Show that $∏_{k=1}^{∞}(u_{k}×4k^2)/(4k^2-1)<π/2$

Question

We know that $$∏_{k=1}^{∞}4k^2/(4k^2-1)=π/2$$

Let us consider a sequence $(u_{k})_{k≥1}$ such that $0≤u_{k}<1$ for all $k≥1$.

Show that $$∏_{k=1}^{∞}(u_{k}×4k^2)/(4k^2-1)<π/2$$

Answer 1

$\frac {(u_k)(4k^{2})} {4k^{2}-1} <\frac {4k^{2}} {4k^{2}-1}$ for all $k$. Just multiply these inequalities over $k \geq 2$ and note that we have strict inequality for $k=1$.

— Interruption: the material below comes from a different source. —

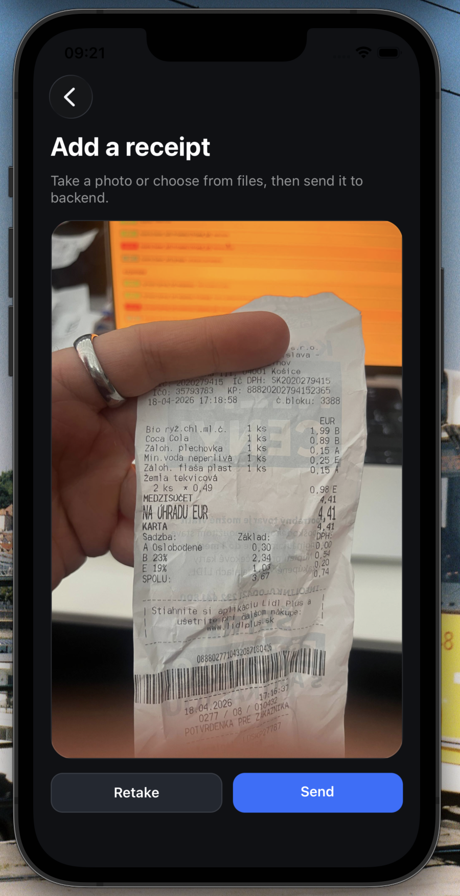 A python-based architecture underlying FastAPI, which is connected to MongoDB. A backend call processes the receipts using OCR, natural language interpretation, data extraction, and machine translation, by submitting a query to Mistral AI. The prototype uses limited free-tier tokens, but can be scaled up easily. The mobile app runs in React Native.

Question of convergence of the product: Note that $u_1u_2...u_n$ is decreasing and so it has a limit. Consider the cases when the limit is $0$ and the cases when the limit is positive to see that the intended inequality holds in all cases.

Answer 2

Every partial product satisfies $$ \prod_{k=1}^{N}\frac{u_{k} 4k^2}{4k^2-1} = (u_1 u_2 \cdots u_N)\prod_{k=1}^{N}\frac{ 4k^2}{4k^2-1} \le u_1 \prod_{k=1}^{N}\frac{ 4k^2}{4k^2-1} $$ so that $$ \prod_{k=1}^{\infty }\frac{u_{k} 4k^2}{4k^2-1} \le u_1 \prod_{k=1}^{\infty}\frac{ 4k^2}{4k^2-1} = u_1 \frac{\pi}{2} < \frac{\pi}{2} \, . $$